Horacio Castellanos Moya (Honduras, 1957) parece querer cerrar con La sirviente y el luchador un ciclo de novelas (Donde no estén ustedes, Desmoronamiento y Tirana memoria) que quieren dar cuenta de una realidad especialmente dolorosa y sangrienta para él y para su país. Castellanos Moya es el minotauro de un laberinto convertido en el rompecabezas íntimo y colectivo de un destino cifrado por la violencia y la sinrazón.

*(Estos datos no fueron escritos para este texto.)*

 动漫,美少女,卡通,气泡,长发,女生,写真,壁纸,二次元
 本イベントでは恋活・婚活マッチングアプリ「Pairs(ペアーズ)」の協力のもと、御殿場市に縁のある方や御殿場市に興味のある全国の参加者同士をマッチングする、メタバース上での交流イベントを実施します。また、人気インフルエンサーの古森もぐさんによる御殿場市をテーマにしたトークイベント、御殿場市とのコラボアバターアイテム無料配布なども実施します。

Con una suerte de lenguaje coloquial más que logrado, un estilo nervioso que todo lo contagia y unas escenas rápidas y contundentes que apabullan al lector dejándole en “la pura oscuridad”, Castellanos Moya ha conseguido convocar una vez más a todos sus fantasmas personales -que son cada vez más los nuestros- para dotarlos de una presencia abrumadora, el pálpito del dolor diario y contundente, sin aspavientos, el dolor teñido de sustantivos, jamás lastrado por el peso inservible del adjetivo: un dolor sin colorantes. Y esa presencia abrumadora se torna increíble porque la historia de la sirviente y el luchador no es sólo la historia de la bella y de la bestia, la triste historia de dos destinos que se cruzan, sino también la cifra de un país descompuesto, acartonado y caricaturesco que es relatado a la luz de la más fría cotidianidad.

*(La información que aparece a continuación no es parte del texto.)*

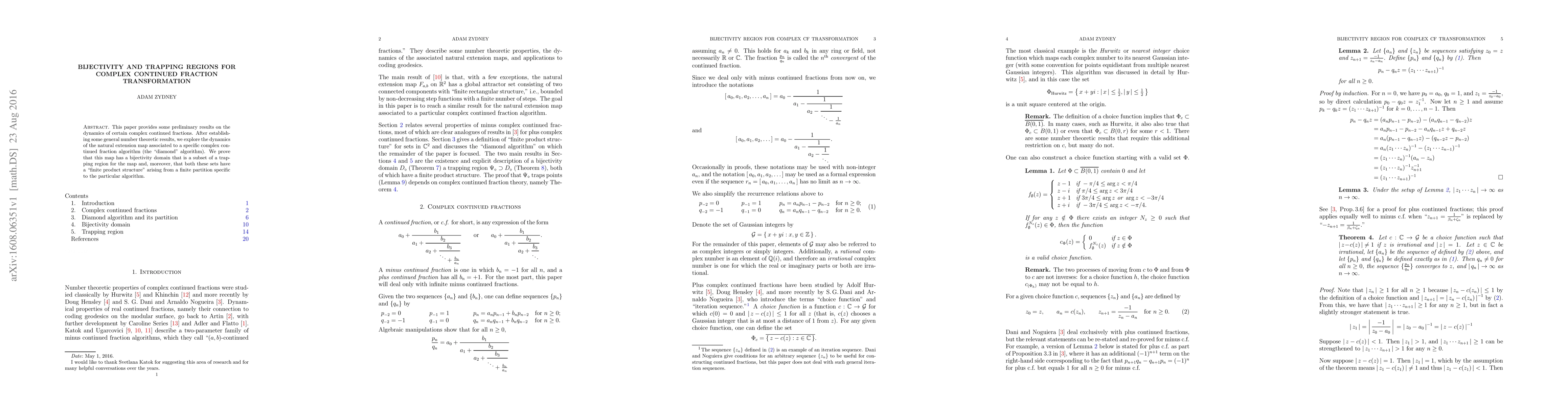 This paper provides some preliminary results on the dynamics of certain complex continued fractions. After establishing some general number theoretic results, we explore the dynamics of the natural extension map associated to a specific complex continued fraction algorithm (the "diamond" algorithm). We prove that this map has a bijectivity domain that is a subset of a trapping region for the map and, moreover, that both these sets have a "finite product structure" arising from a finite partition specific to the particular algorithm.
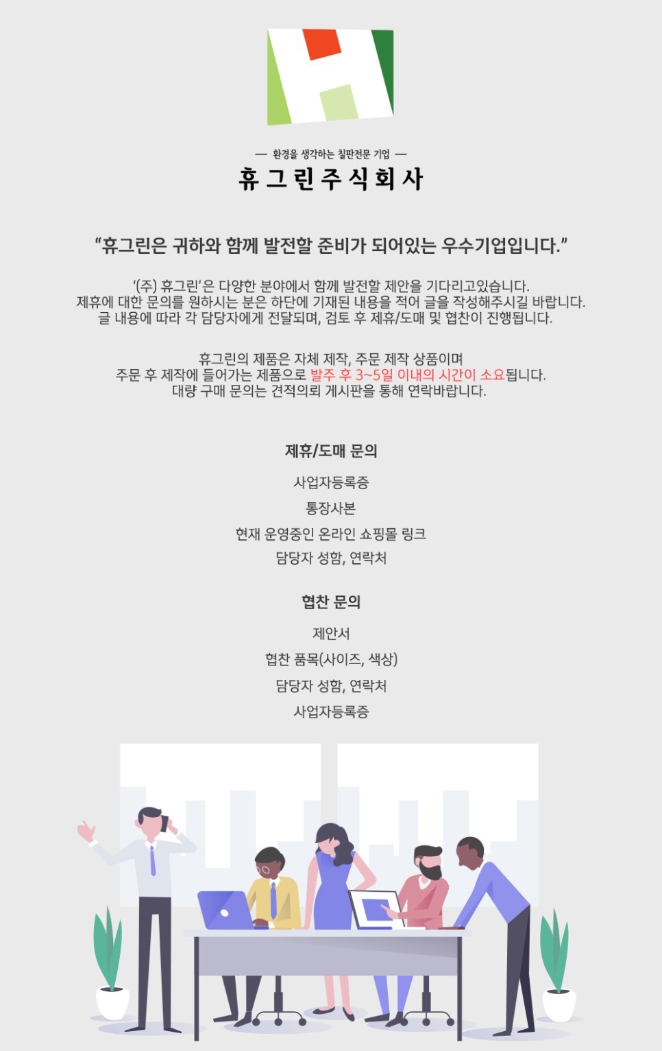 휴그린주식회사는 만들어진 제품이 아닌 주문 즉시 제작하는 제작상품으로
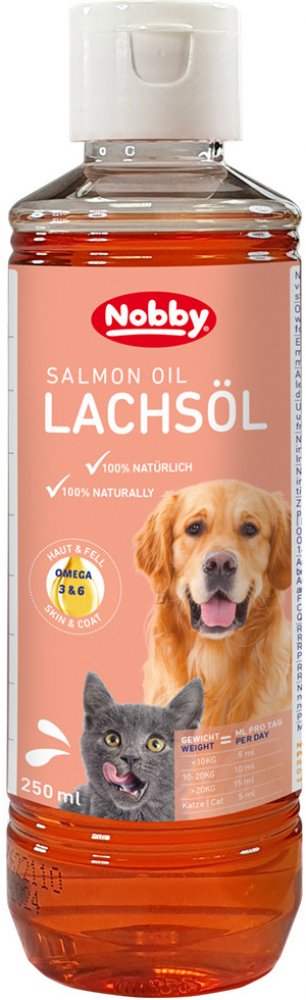 100% přírodní lososový olej je doplněk stravy pro psy. Lososový olej vyrovnává poměr mezi Omega 3 a Omega 6 mastnými kyselinami a významně snižuje hladiny cholesterolu v krvi. Při pravidelném používání lososového oleje bude srst vašeho psa hustá a lesklá.
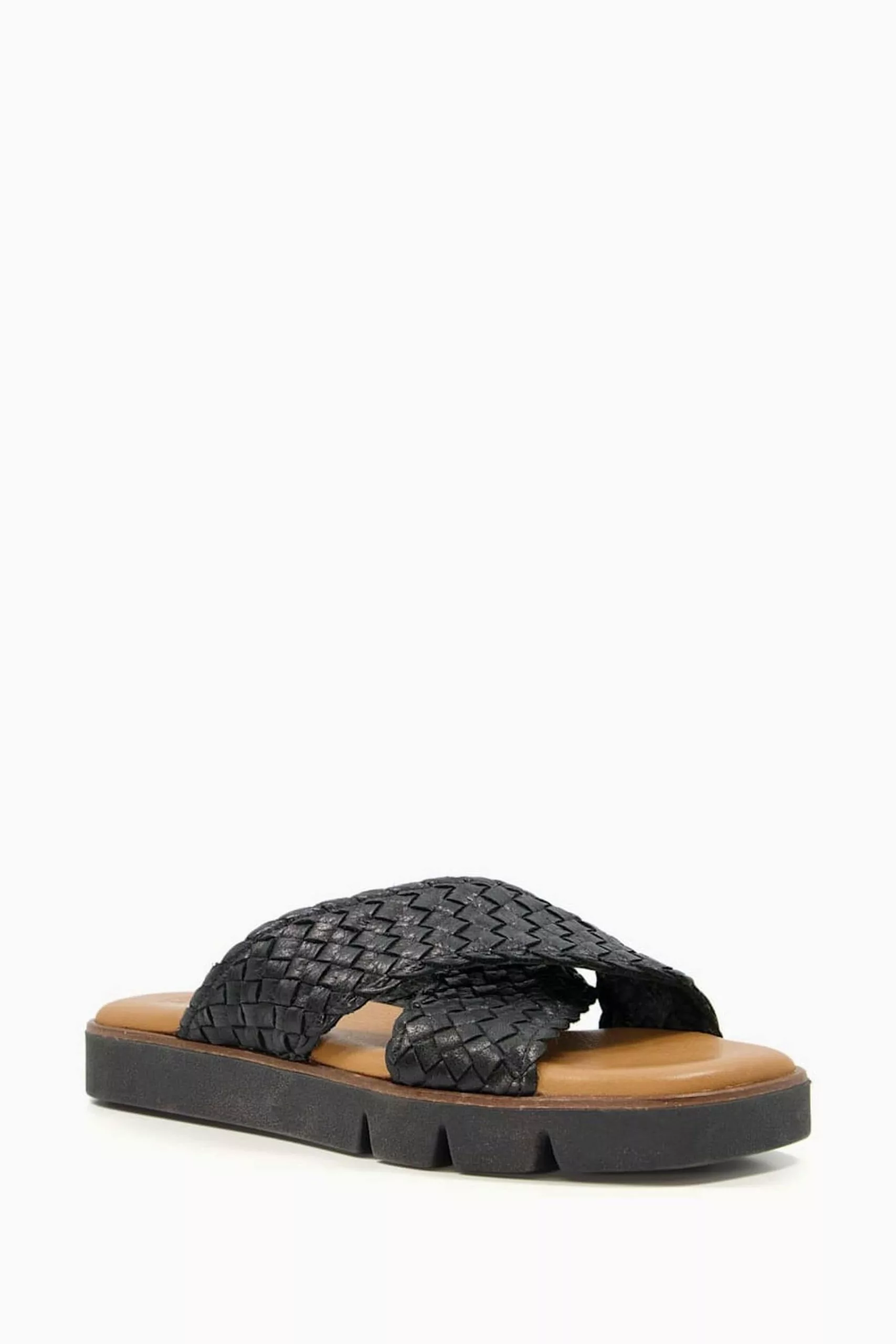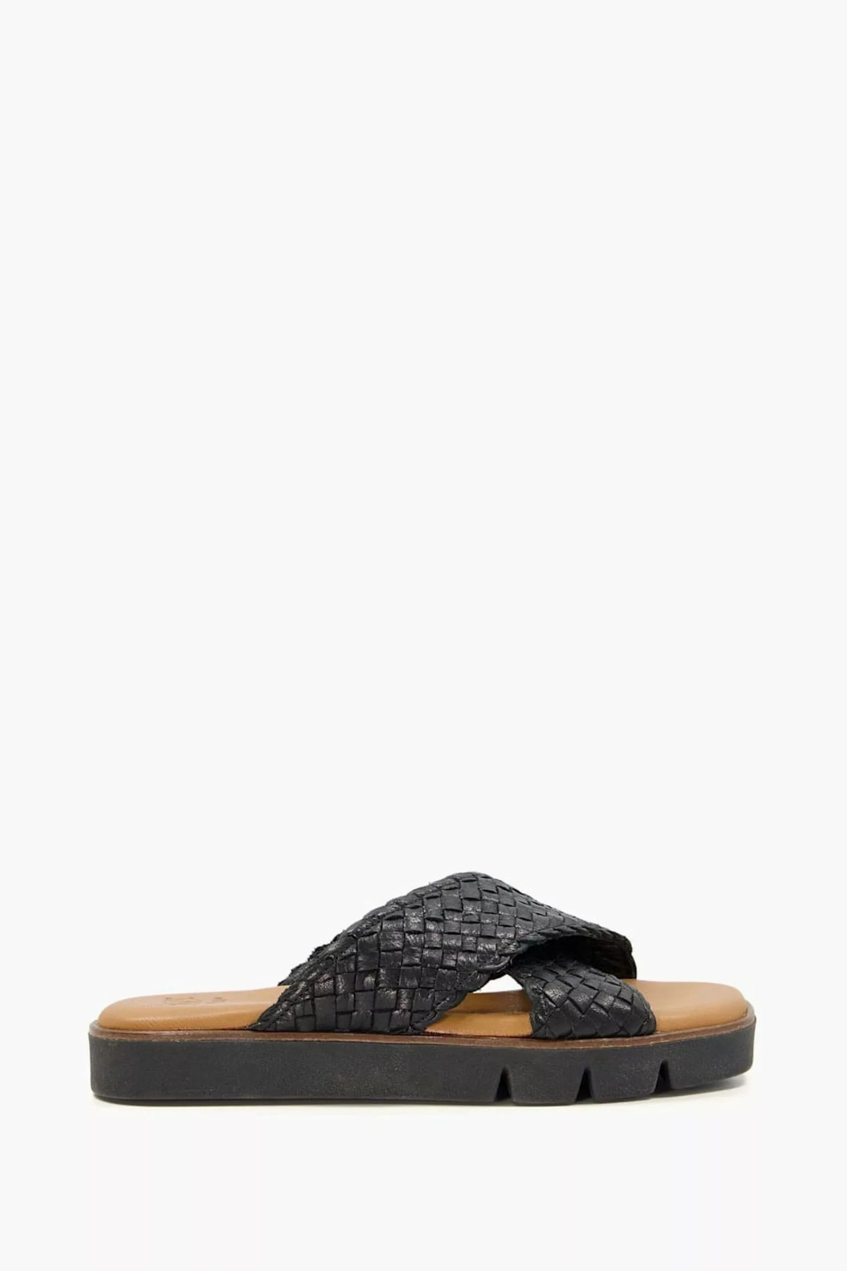 Timelessness meets directional appeal with these effortlessly stylish Lexey Sliders. The crossover straps are scalloped and intricately woven with luxurious leather while the biker-inspired sole instantly adds a modern twist.

El Vikingo es el sirviente moribundo de la mano fétida que mata, mata y mata, es el que ya no puede ni consigo mismo, es el hombre que “tiene al maligno adentro”; María Elena, la bella de corazón, “lo primero que percibe es el ruido, como un zumbido lejano. Luego el dolor. Y enseguida la oscuridad, una oscuridad gelatinosa, en la que ella flota a la deriva, con lentitud, y de la que no puede salir”. Erigidos como las dos caras de una misma moneda Castellanos Moya les hace bascular en un contínuo vaivén hasta que al final de la historia ambos se necesiten. El primero es el exterminador que puede redimirse al salvar de la muerte segura a Albertico y Brica, los nietos del patrón donde María Elena había trabajado; la segunda, es el ángel que cuida a la bestia herida en busca de dos jóvenes desaparecidos para descubrir al fin que la mano que mece el dolor también le alcanzará en lo más íntimo: la propia familia.

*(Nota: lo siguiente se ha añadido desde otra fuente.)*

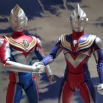 0 8 #夜のフィギュア撮影会 テーマ「フリー」 時代を超え繋がれたウルトラの絆 #ウルトラマン #ウルトラマンティガ #ウルトラマンタイガ 23/07/08 21:03
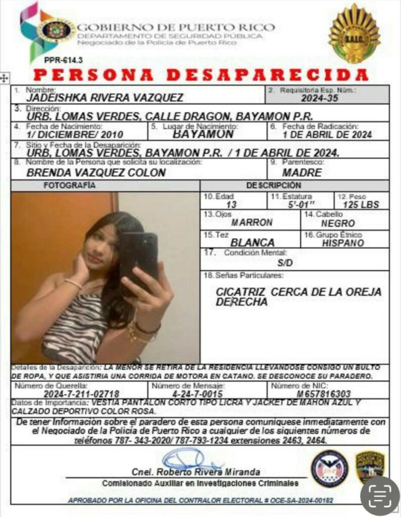 “Agradecemos a todos el personal, voluntarios, vecinos y a la familia de Jadeishka quien, por las pasadas horas, se mantuvieron unidos con el propósito común de encontrar con vida a esta joven”, expresó el jefe de la Policía.
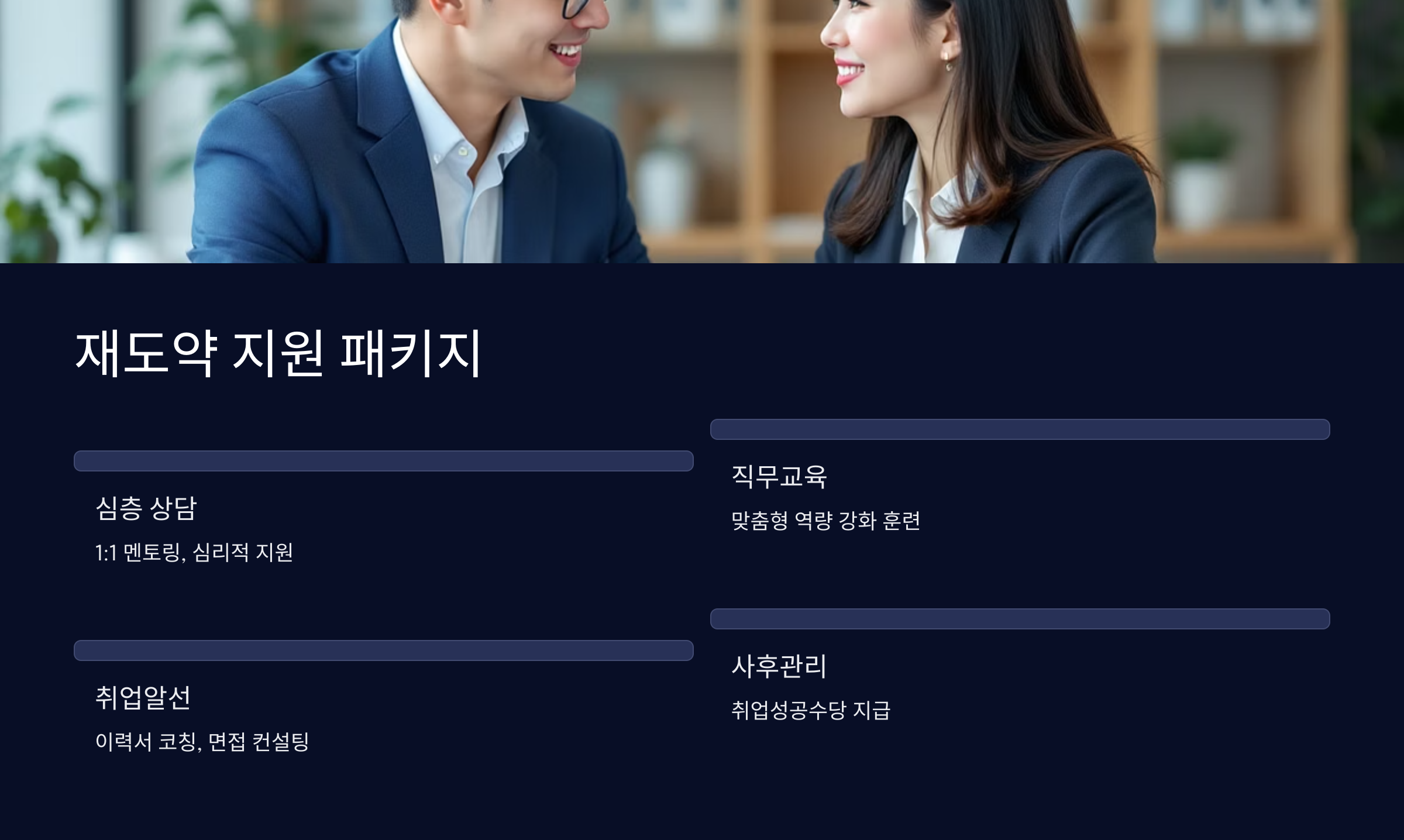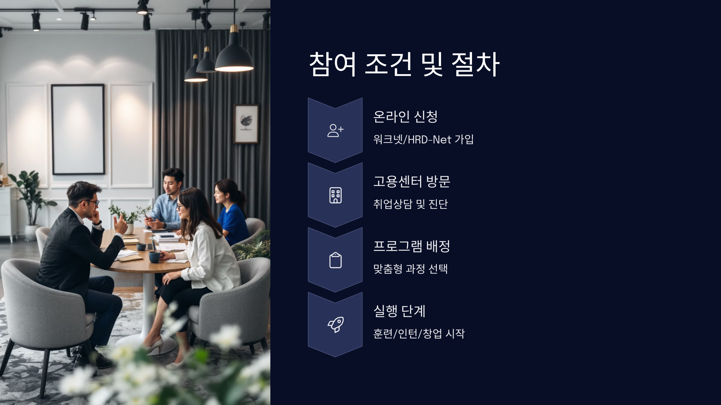 이 제도는 크게 ‘심층 상담 → 직무교육 → 취업알선 → 사후관리’의 4단계로 구성돼 있어요. 각 단계마다 개인의 상황과 역량에 맞는 맞춤형 경로가 제공되며, 특히 심리적 불안감 해소와 경력 재정비를 위한 1:1 멘토링도 포함돼요.

Dotado como pocos para la alquímia de lo telúrico, la imaginería verbal de Castellanos Moya no es grandilocuente, ni barroca. Su poética es una endiablada aptitud para erigir tensión narrativa a través de afilados diálogos que cortan la respiración de un lector que ya no sabe si sus textos son ciencia ficción o la más dura y fría de las verdades, aquella que nos recuerda que el hombre es un lobo para el hombre.